28 December,2010 07:05 AM IST | | Alifiya Khan
Expect disaster management cell, well-mannered doctors and more beds in your city hospitals in 2011
As the city continued to be the epicentre of swine flu, control of infectious diseases remained the focus for the most part in 2010. Last year, the country's indigenous H1N1 vaccine arrived and the debate was whether to take it or not.
City's health department on the one hand grappled with the rising and falling graphs of swine flu deaths and on the other, dealt with crook doctors who made money in times of vaccine shortage. They also had to deal with stray reports of vaccine reactions. By September-end, the pandemic had more or less stabilised and the focus shifted once more to pressing issues like providing free beds for the poor in private hospitals, providing free HIV medicine for all and solving the problem of shortage of ICU beds.
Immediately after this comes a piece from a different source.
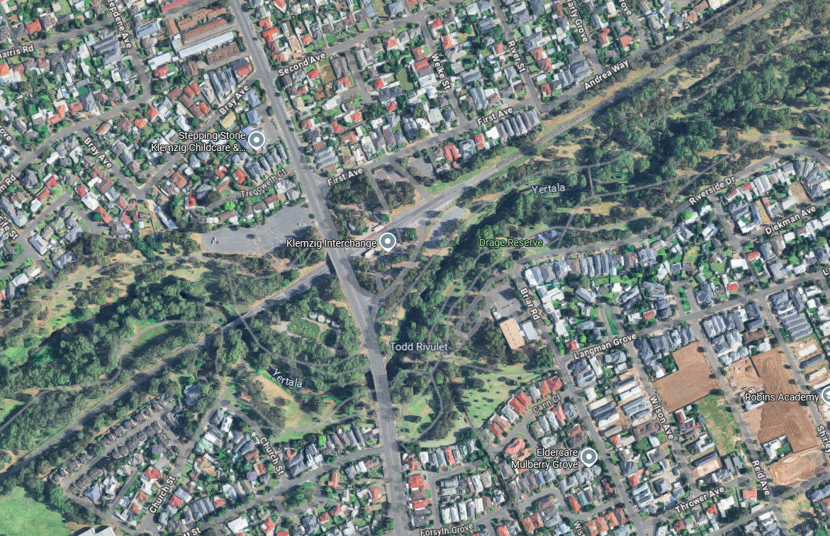 However the O-Bahn’s speed and alignment provides much less utility to the inner suburbs, in a very similar way to Perth’s Joondalup and Mandurah railway lines. Below is a Google Maps screengrab of Klemzig interchange O-Bahn station, about 6km from the Adelaide CBD. The station is immediately surrounded by car parks and beautiful parklands, and then relatively low density residential (peppered with a few terrace/townhouses). This makes for a rather limited walking catchment population.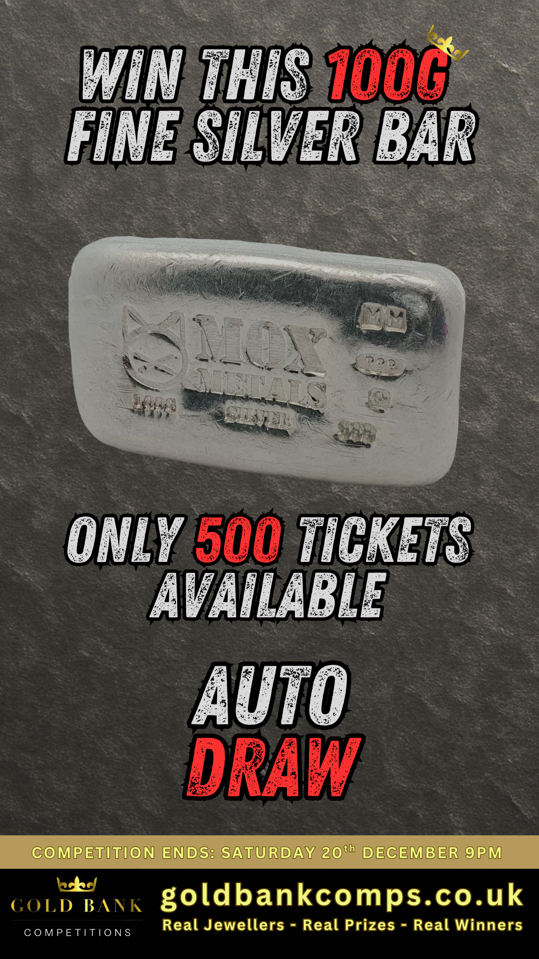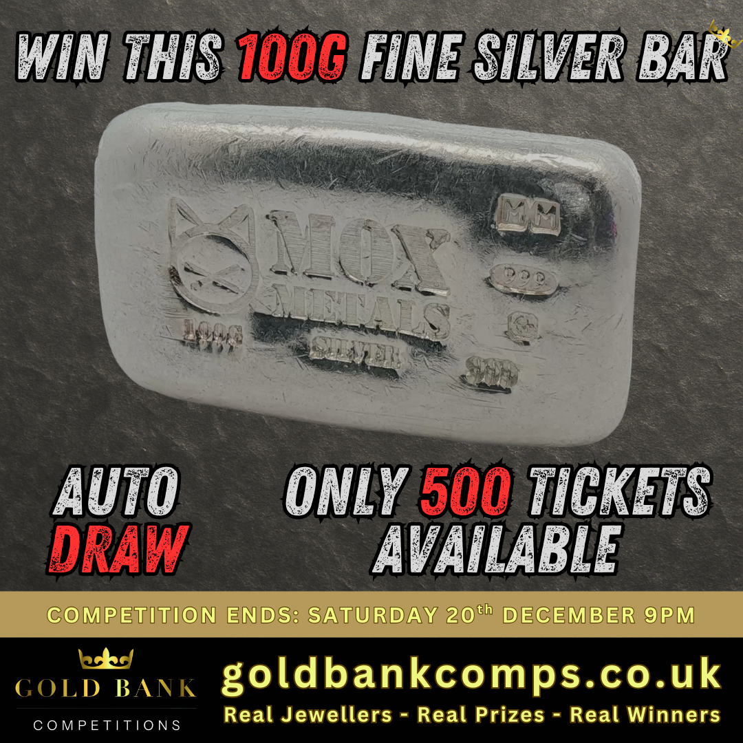 🎯 Just 99p to win a solid 100g bar of fine silver.

In the next decade, the city will see strengthening of existing services and promising projects.
Expanding services
The first step is to expand services and add more hospital beds as there is a shortage of these. In the private sector, hospitals like Mai Mangeshkar and Sahyadri hospitals are in expansion mode. A new hospital proposed when the swine flu epidemic was at its peak might see the light of the day in 2011, while the Sassoon General Hospital which was granted at least Rs 350 crore for upgrading services, is likely to see a sea change in 2011.
Disaster readiness
When the German Bakery blasts shook the city, a fact that came to light was the absence of disaster management. Soon a committee was formed and a disaster management cell is likely to be established in 2011.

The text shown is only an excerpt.